- Genre: Drama Romance
- Written by: Edison Idrees Masih
- Directed by: Sarmad Sultan Khoosat
- Starring: Imran Abbas Sajal Aly
- Opening theme: Zeb Bangash Ali Sethi
- Country of origin: Pakistan
- Original language: Urdu
- No. of episodes: 24

Production
- Producer: Abdullah Seja
- Production location: Lahore
- Running time: 40 Minutes
- Production company: Idream Entertainment

Original release
- Network: ARY Digital
- Release: 10 February – 3 July 2018

= Noor ul Ain (TV series) =

Pakistani television series

Noor ul Ain is a Pakistani romantic drama television series that started airing on ARY Digital on 10 February 2018. It is produced by Abdullah Seja and directed by Sarmad Khoosat. It stars Imran Abbas and Sajal Aly in the leading roles. The drama was first aired on 10 February on ARY Digital every Saturday, then moved to a Tuesday time slot at 9:00 P.M.

==Plot==
The story of Noor ul Ain and Khizer is about how their chance meeting changes their lives completely, and how they fall in love with each other. They elope, thinking they can make it work, but their decision results in serious consequences.

==Cast==

- Sajal Ali as Noor ul Ain
- Imran Abbas as Khizar Hayat
- Iffat Rahim as Ghazala
- Marina Khan as Khizar's mother
- Irfan Khoosat as Qasim; Noor and Sofi's father
- Maryam Noor as Sofiya "Sofi"
- Tahira Imam as Tanvir Fatima; Noor & Sofi's mother
- Ammad Hassan Mir as Nauman

==Soundtrack==

Music is composed by Saad Sultan, and OST is sung by singers Zeb Bangash and Ali Sethi. According to Gulf News, Zeb Bangash got an old melody project for this OST.

== Broadcast ==
The show is available on the MX Player app, and in 2018, it was also aired on ARY Digital's sister channel ARY Zindagi.

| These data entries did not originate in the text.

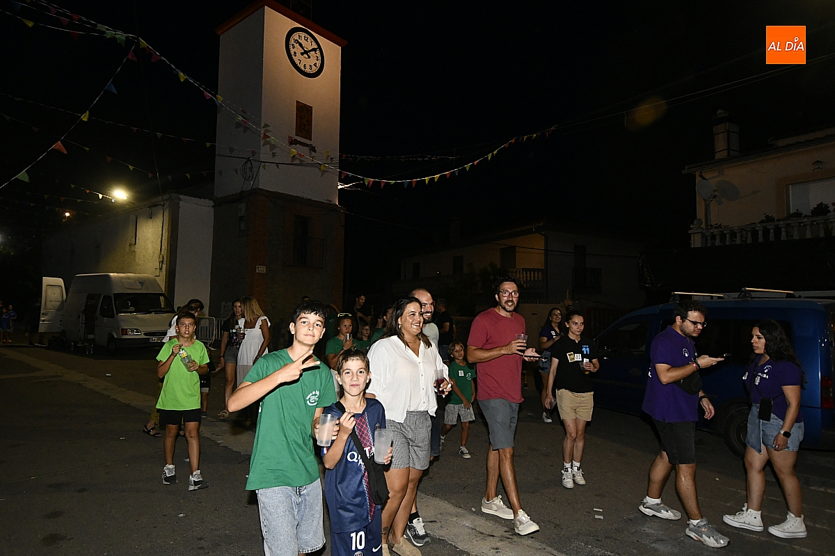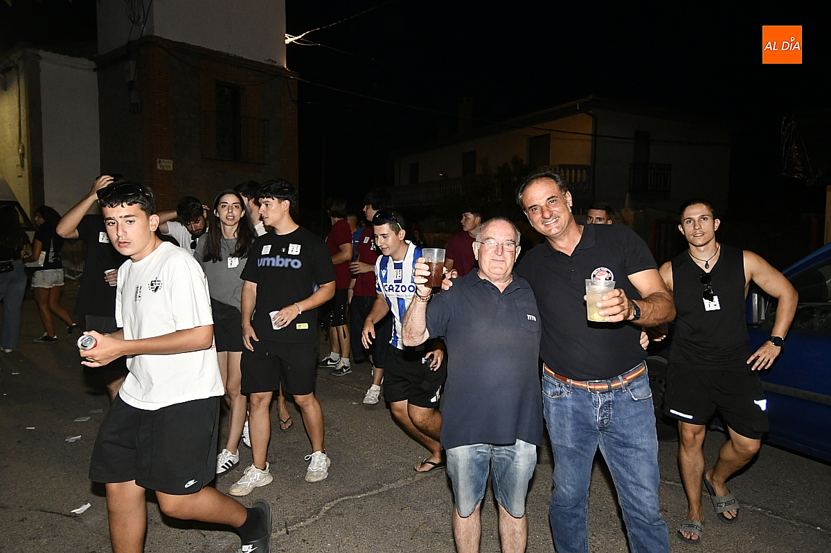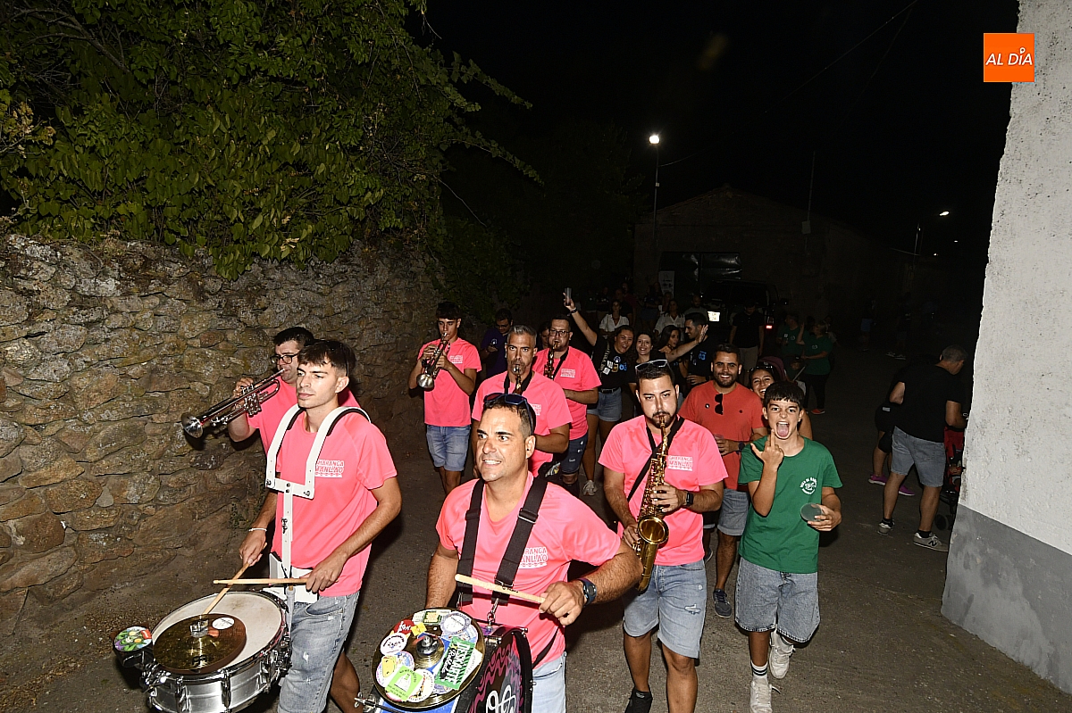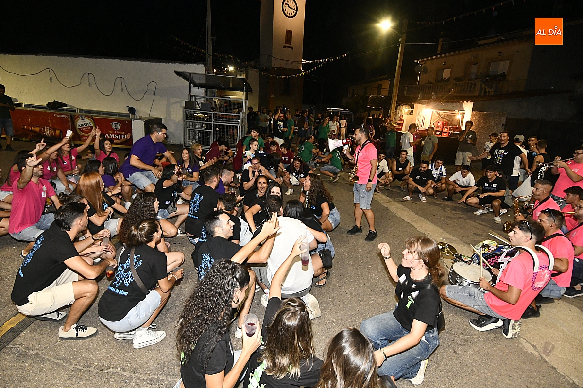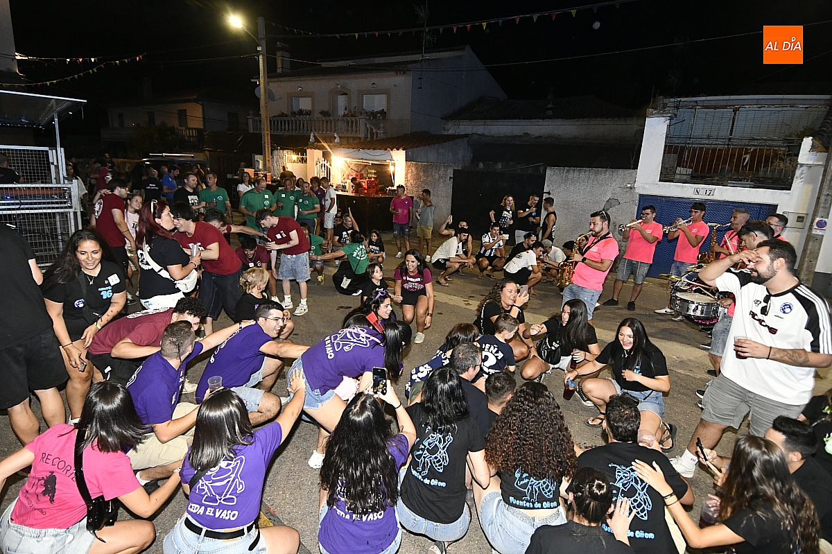 La localidad rayana de Fuentes de Oñoro inauguró sus fiestas veraniegas en honor a Nuestra Señora de la Asunción con gran paroxismo festivo y el frenesí de las peñas que constituyen el alma del programa. En un ambiente saleroso y colorido, la comitiva, animada en todo momento por la charanga mirobrigense “Manliao”, recorrió calles y plazas visitando las distintas sedes, donde se ofrecía sangría y productos típicos de la zona. La calurosa tarde acompañó el trayecto hasta que el sol, lentamente, se ocultó en el horizonte.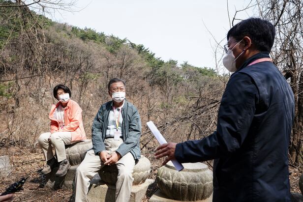 문 대통령 부부는 지난 5일 청와대 뒤편 서울 북악산 남측 탐방로 개방을 기념한 산행을 하면서 법흥사로 추정되는 절터에 도착해 연화문 초석에 앉아 동행한 김현모 문화재청장과 법흥사에 관한 얘기를 나눴다.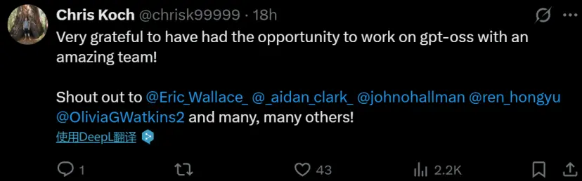 OpenAI发布的gpt-oss系列模型的核心团队成员之一,就有参与多个项目的北大校友任泓宇。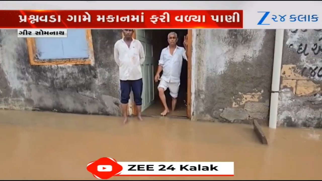 #Zee24Kalak Gir-Somnath’s Sutrapada receives 7 inches of rainfall; Prasnavada village severely impacted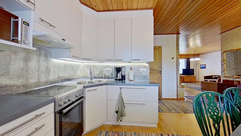 Asunnon pohjaratkaisu on selkeä ja muunneltava. Valoisa olohuone on varaavalla takalla varustettu. Takka toimii kodin sydämenä ja luo lämpöä sekä tunnelmaa ympäri vuoden. Olohuoneesta avautuu luonteva yhteys ruokailutilaan, joka on helposti otettavissa käyttöön toiseksi makuuhuoneeksi. Keittiö on siisti ja uusittu kauttaaltaan noin vuonna 2010. Keittiön mitta-asennettu pöytä on tiskitasojen kanssa samaa sarjaa ja sisältyy kauppaan.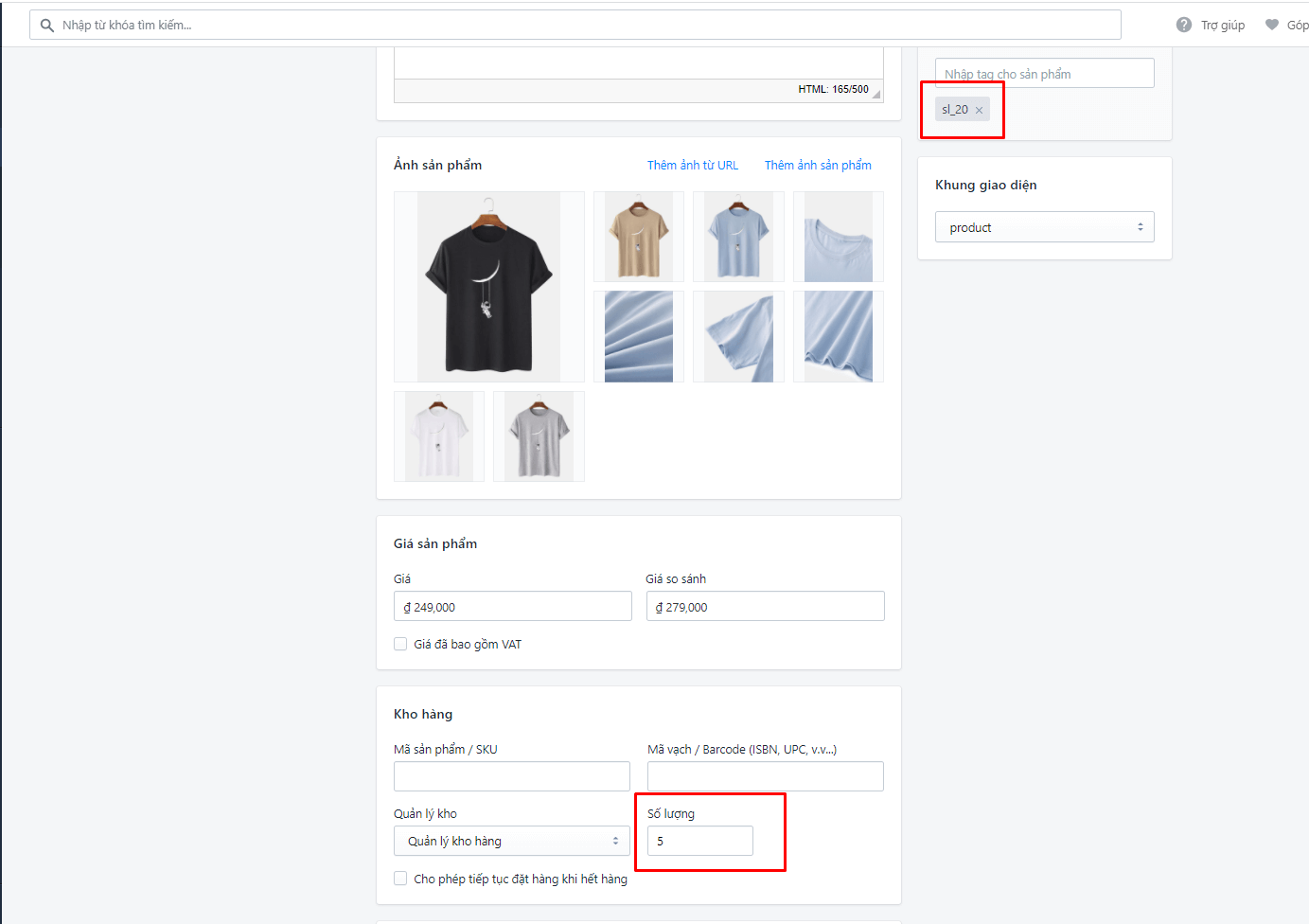 Tại đây chúng ta sử dụng cú pháp tag trên mỗi sản phẩm theo: sl_(Số lượng sản phẩm chiến dịch) đồng thời set tồn kho là số sản phẩm còn lại có thể bán như hình dưới.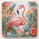 Elegant Pink Flamingo Bird and Tropical Flowers Coaster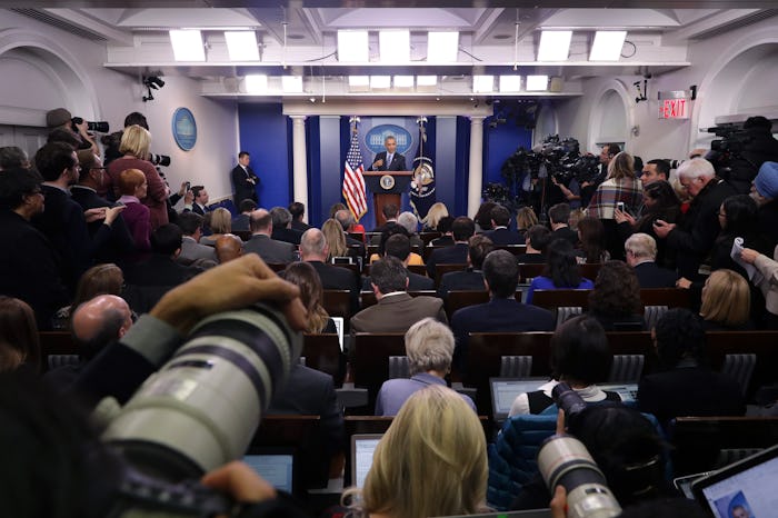 On his path to the presidency, President-elect Donald Trump developed a rather contentious relationship with the press — and it's one that hasn't exactly improved in the days and weeks leading up to Trump's inauguration. During his first press conference as president-elect, Trump refused a CNN reporter's question, labeling him "fake news," and called BuzzFeed a "failing pile of garbage." Needless to say, Trump's relationship with the press is off to a rocky start. So where, exactly, will it go from here? What will happen to the White House press briefings the public has grown used to?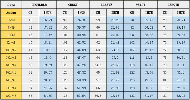 2) Как правило, размер рубашки должен быть больше вашего размера. Вы можете проверить свою обычную рубашку. Если обхват груди 100 см, мы предлагаем вам выбрать рубашку с 104 см или 108 см.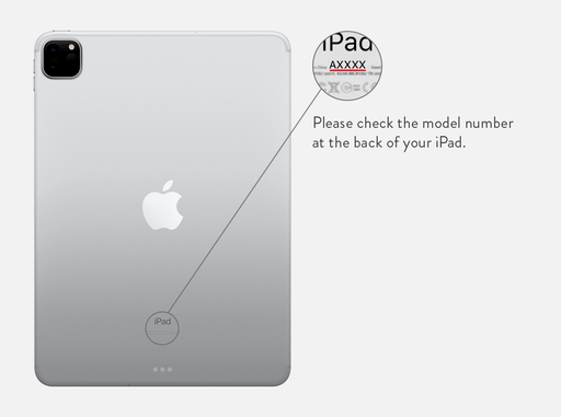 Du hittar ditt A**** modellnummer tryckt på baksidan av din iPad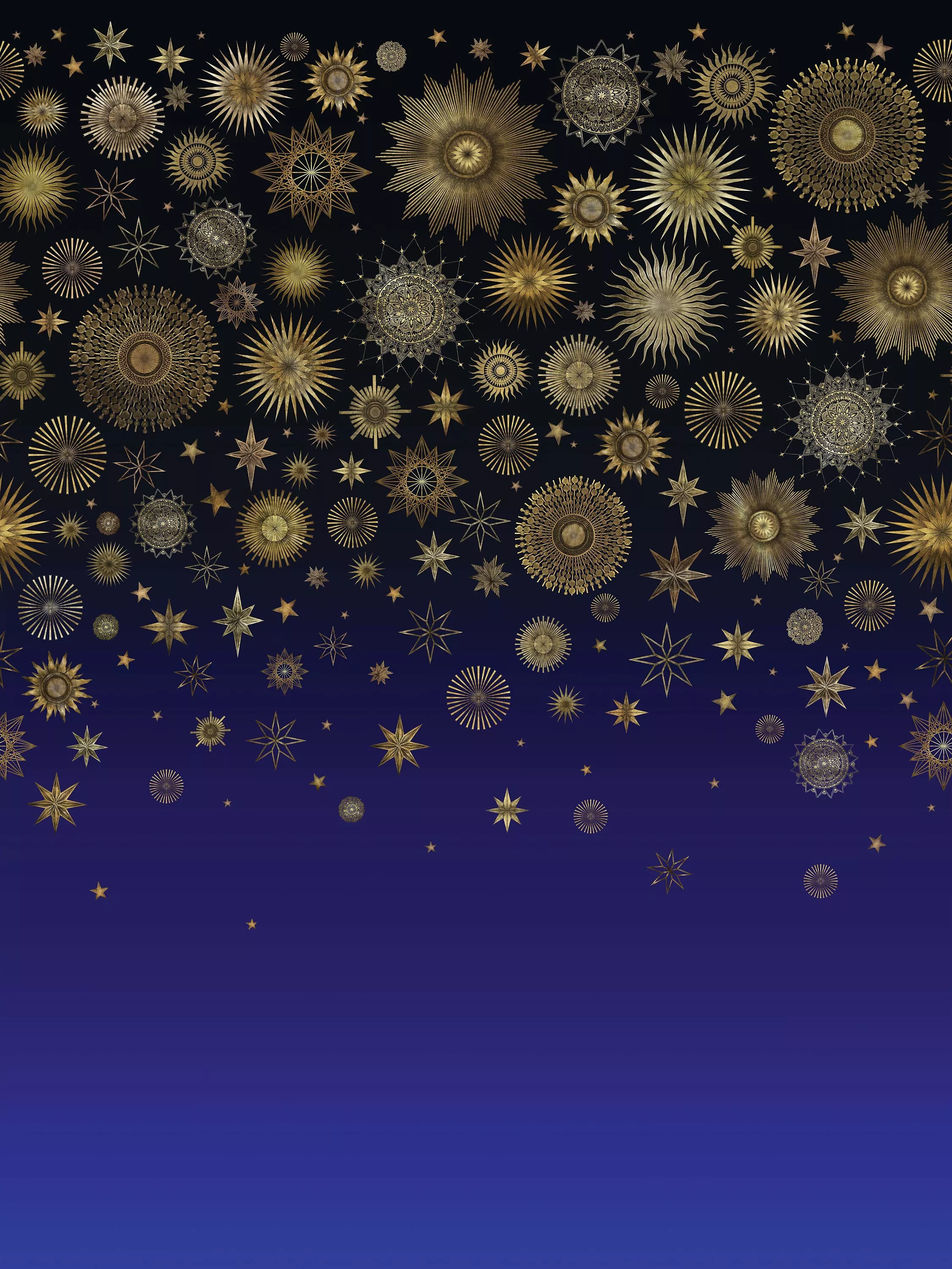 A large-scale wrap-around inky blue night-time sky was imagined for this dream scheme. A bold and dramatic skyscape dotted with hand-drawn golden stars to transport you to a magical and theatrical place.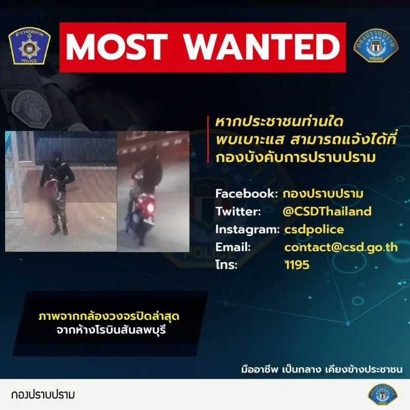 ด้านเพจ กองปราบปราม ได้โพสต์รายละเอียดเพิ่มเติม เพื่อให้ประชาชนได้ระมัดระวังพร้อมทั้งแจ้งเบาะแสว่า ตำหนิรูปพรรณคนร้าย เป็นชาย รูปร่าง สมส่วน สูงประมาณ 165 ถึง 170 เซนติเมตร ใช้รถจักรยานยนต์ ยามาฮาฟีโน่ สีแดง โดยคาดว่าจะใช้เส้นทางหลบหนี หนองโดน สระบุรี ท่าวุ้งลพบุรี ท่าเรืออยุธยา โทรศัพท์ในมือคุณ สามารถช่วยเราได้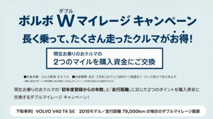 みなさま、こんにちは。ボルボ・カー岡崎です。ボルボ Wマイレージ キャンペーン長く乗って、たくさん走ったクルマがお得!現在お乗りのお車の2つのマイルを購入資金にご交換!現在お乗りのお車の初年度登録からの年数と走行距離に応じた2つのポイントを購入資金に交...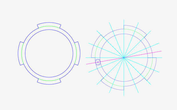 elegí un punto de los anillos por debajo de uno de los bloques que se extienden fuera de los aros y puso un punto pivote donde le abra los puños. y enfrente de el un corte donde se abrirá. decidí ponerlo cerca del bloque para ocultar la línea cerrada.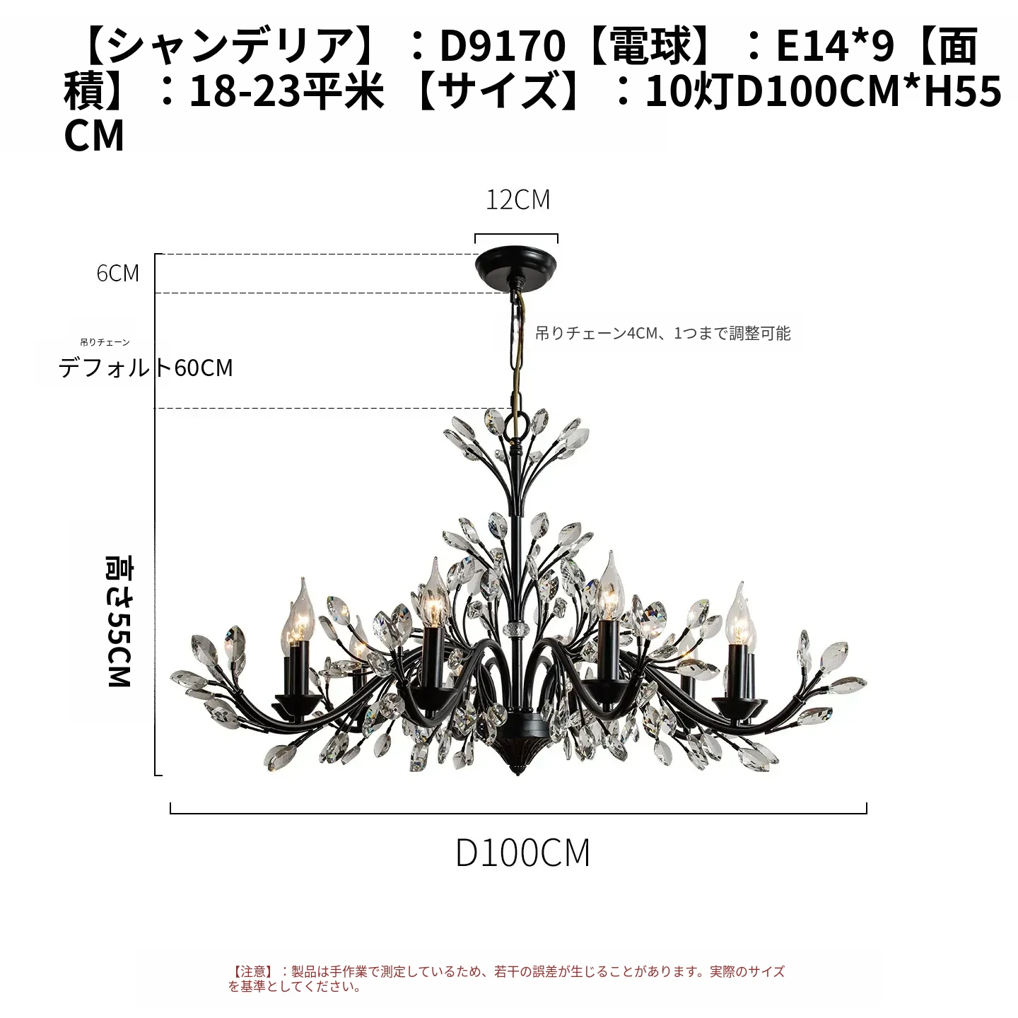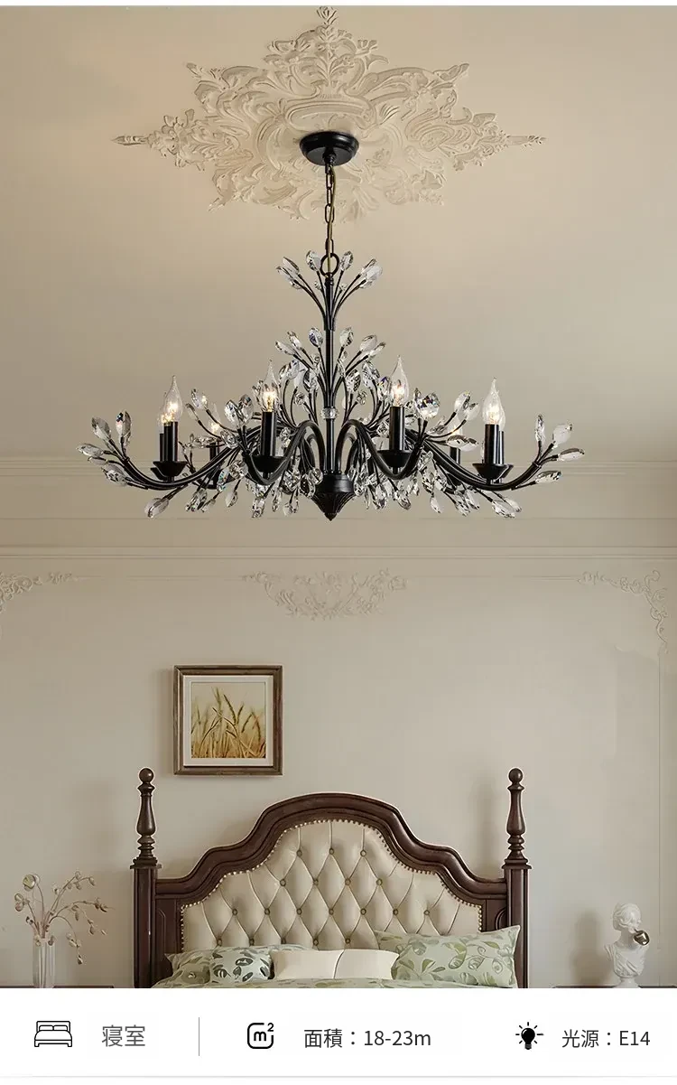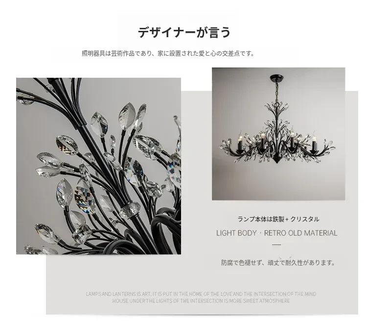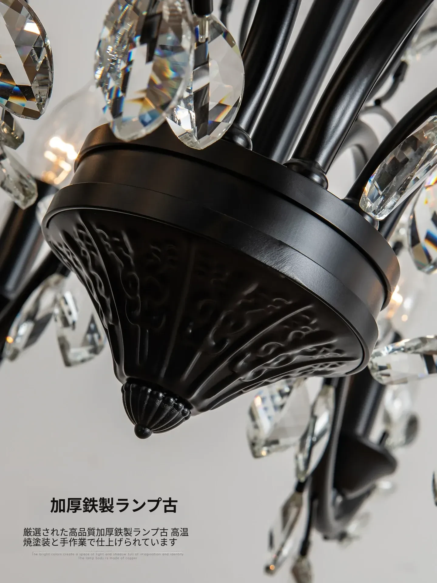 フレンチスタイルのシャンデリア、ラグジュアリーで高級感あふれるクリスタル製。シンプルでスタイリッシュなアメリカンデザイン。リビングや寝室、ダイニングにぴったりのムードを演出する照明。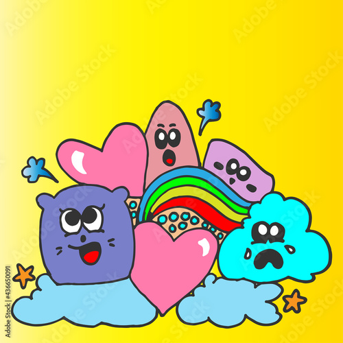 funny monster pattern on yellow background. colorful monster with eyes and mouth. cute expression. hand drawn vector. doodle art for wallpaper, cover, greeting, scrapbook, postcard, wall design.

==Awards and nominations==

| Year | Award | Category | Recipient(s) | Result | Ref. |
| 2019 | ARY Digital- Social Media Drama Awards 2018 | Best OST | Noor ul Ain | Nominated |  |
| Best Couple | Imran Abbas and Sajal Ali | Nominated |

== Reception ==
Some commentators stated the series was inspired by the Indian film Saathiya.